A broad area of enduring interest is the slow dynamics of glass-forming fluids. We are developing molecular-level theories of relaxation, diffusion, viscoelasticity and vitrification of deeply supercooled liquids including molecular, polymer, metallic and colloidal and nanoparticle systems. New ideas about the origin of dynamic cooperativity and rare collective activated events have been conceived and are being quantitatively applied to experimental materials. This advance provides a foundation for treating polymer thin films which are of high engineering importance. A major aim is to understand the remarkably large speed up of dynamics observed when polymer films are thinner than 30-50 nanometers and have at least one surface exposed to air.

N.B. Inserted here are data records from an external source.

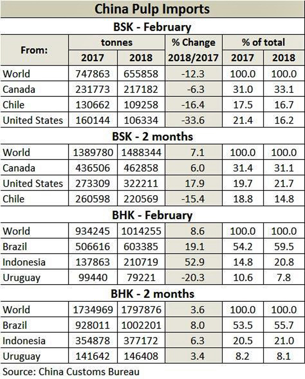 China’s BSK (bleached softwood kraft) pulp imports were up 7.1% y/y through January-February 2018, with imports from Chile down 15.4%., according to data from the China Customs Bureau. China’s February 2018 BHK (bleached hardwood kraft) pulp imports at 1.014 million metric tons was the second highest monthly level ever.
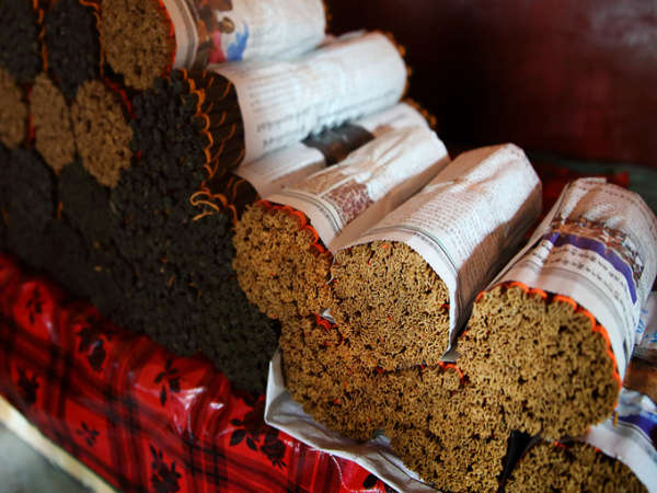 當(dāng)?shù)厝私榻B說:制作藏香的原材料和制作工序要求極其苛刻。由于藏香最主要的用途是用在宗教禮儀上,所以在制作過程中要求一切都要以圣潔為主,否則會(huì)被視為是對(duì)神靈的不敬。傳統(tǒng)的藏香原材料繁多而復(fù)雜,一般是柏樹樹干為主料,再以藏紅花、麝香、白檀香、紅檀香、紫檀香、沉香、豆蔻、穿山甲、甘菘、冰片、沒藥等幾十種香料按適當(dāng)比例配合主料搓揉而成。據(jù)了解,用于制作藏香的主料柏樹干,在吞巴村這樣高海拔的地方并不生長,從古至今,村民都要從400多公里外的林芝縣運(yùn)過來了,而制作藏香的部分輔料甚至要從印度引進(jìn)。
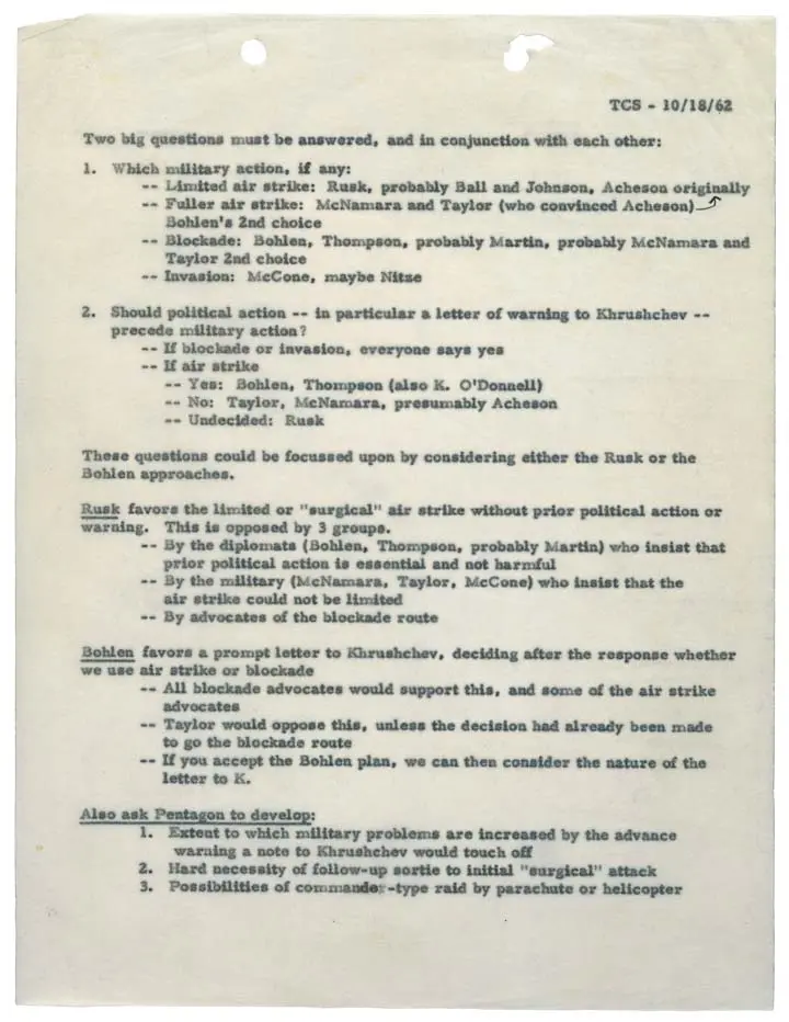 1945–1989 Memorandum for Discussion During the Cuban Missile Crisis The Cuban Situation 1. The establishment of medium range strike capability in Cuba by the Soviets was predicted by me in at least a dozen reports since the Soviet buildup Read More »

The development of functional colloidal assemblies in solution is of high interest. We are developing microscopic statistical mechanical theories of the self-assembly of patchy Janus colloids, the coupled translation-rotation dynamics, vitrification, and gelation of dense suspensions of nonspherical particles, electron conductivity in metallic nanoparticle gels, and how colloids organize and move in large mesh polymer networks. These topics connect with our efforts in the interdisciplinary area of basic energy sciences.

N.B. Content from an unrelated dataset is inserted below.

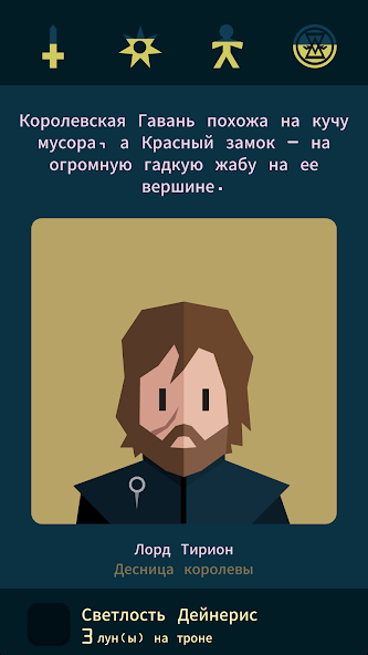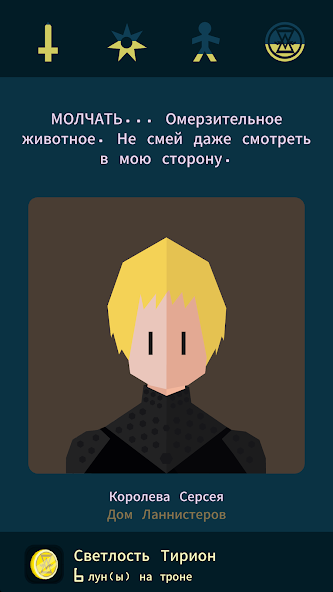 Reigns: Game of Thrones — это стратегическая карточная игра, где вы управляете судьбами Вестероса. В роли одного из девяти ключевых персонажей, таких как Дейенерис Таргариен или Тирион Ланнистер, вы принимаете решения, влияющие на баланс власти, богатства, религии и народной любви. Каждое ваше действие может привести к триумфу или падению.

A new direction is to understand gas and molecule permeability in polymeric materials in the molten, crosslinked rubber, and glass states. This requires treating the effect of penetrant size, shape and interactions with the polymer on solubility, and the role of length scale dependent polymer dynamics and free volume on penetrant diffusion. A major goal is to establish molecular-level design rules for both optimizing permeability for membrane-based separation applications, and minimizing permeability to fabricate new barrier materials that protect polymers from degradation processes. In addition, the effect of nonequilibrium physical aging and external stress on these phenomena is of interest. This research also underpins the development of high performance “self-healing” materials where controlling the transport of small molecules and oligomers in polymeric microcapsules is essential.